Le parcours original d’un séparatiste devenu juif

jui-hst-qcRichard Marceau est un cas. Il en est conscient. Petit gars d’une famille catholique de Québec, militant puis député du Bloc québécois, il s’intéresse graduellement à la communauté juive, émotivement (il épouse une juive anglophone peu pratiquante) puis intellectuellement –  il séjourne en Israël.

Le contact avec la réalité israélienne a conduit beaucoup de Québécois élevés dans un a priori pro-palestinien à mieux équilibrer leurs opinions des droits, revendications et méfaits des uns et des autres.

Et à devenir — c’est le courant dominant chez les responsables souverainistes — à la fois favorable à un État juif et à un État Palestinien. (Ce qui n’est pas le cas pour certains mouvements pro-palestiniens québécois et canadiens.)

Mais dans son livre « Juif, Une histoire québécoise », Marceau raconte bien davantage qu’un rééquilibrage. Une adhésion.

Lui, l’ex-catholique devenu athée ou agnostique, s’est graduellement converti au judaïsme. D’abord dans sa branche libérale. Ensuite dans sa branche orthodoxe.

Juif pratiquant, il est devenu professionnellement un porte-étendard de la Communauté juive et d’Israël à titre de conseiller politique principal du comité Canada-Israël.

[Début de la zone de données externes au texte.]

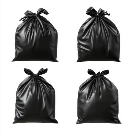 Four black plastic garbage bags are neatly arranged against a white wall, symbolizing waste disposal and cleanliness in any home or environment.

On ne s’étonnera pas que le récit de son parcours personnel est l’aspect le plus intéressant — parce que très original — de son récit. Dans le reste de l’ouvrage, il présente avec intelligence, vivacité et longueurs sa défense de l’État d’Israël en général, et vilipende ceux — dans les médias, les organisations, sur internet ou à titre de député — qui font preuve à son avis de copinage avec des organisations qui mettent en cause l’existence même d’Israël.

Il se dit favorable à l’existence d’un État palestinien et critique les implantations de colons israéliens en Cisjordanie, mais on sent bien que le Juif Québécois Marceau serait plus disert sur sa critique envers Israël s’il n’occupait pas l’emploi qui est le sien.

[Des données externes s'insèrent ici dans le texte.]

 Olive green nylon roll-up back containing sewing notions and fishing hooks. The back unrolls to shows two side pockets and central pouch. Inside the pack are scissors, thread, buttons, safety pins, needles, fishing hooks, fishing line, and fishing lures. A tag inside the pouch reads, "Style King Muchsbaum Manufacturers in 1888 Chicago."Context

Ce biais l’empêche aussi d’être complètement franc au sujet de l’histoire de la Communauté juive québécoise. Il insiste sur les points de convergence entre elle et la québécitude. Mais s’il indique qu’après la rébellion de 1837, l’avocat Adolphus-Mordecai Hart prend bravement fait et cause pour les Patriotes, il omet d’ajouter que son oncle, le juge Benjamin Hart, est considéré comme « le plus violent des magistrats » contre les Patriotes.

Il souligne la participation de juifs québécois dans la fondation de la Société Saint-Jean Baptiste ainsi que l’excellent compagnonnage de juifs et de canadiens-français de gauche dans la naissance des organisations syndicales. Cependant le lecteur ne saura rien de la déclaration de Sam Bronfman qui, parlant des péquistes en 1976, affirma: « ces bâtards veulent nous tuer ».

Ces oublis sont intéressants, car ils viennent d’un homme – un séparatiste avoué et assumé – qui n’aurait jamais, au grand jamais, été embauché par la communauté juive il y a 50, 40, 30 ou 20 ans. Le fait que Richard Marceau soit juif et le fait qu’il représente aujourd’hui la communauté juive témoignent de parcours originaux. Marceau incarne en un sens fort la normalisation des rapports entre la communauté juive et la majorité francophone. Il est à la fois l’outil et le produit d’un apaisement certes inachevé, mais bien réel.

C’est, en effet, une histoire québécoise.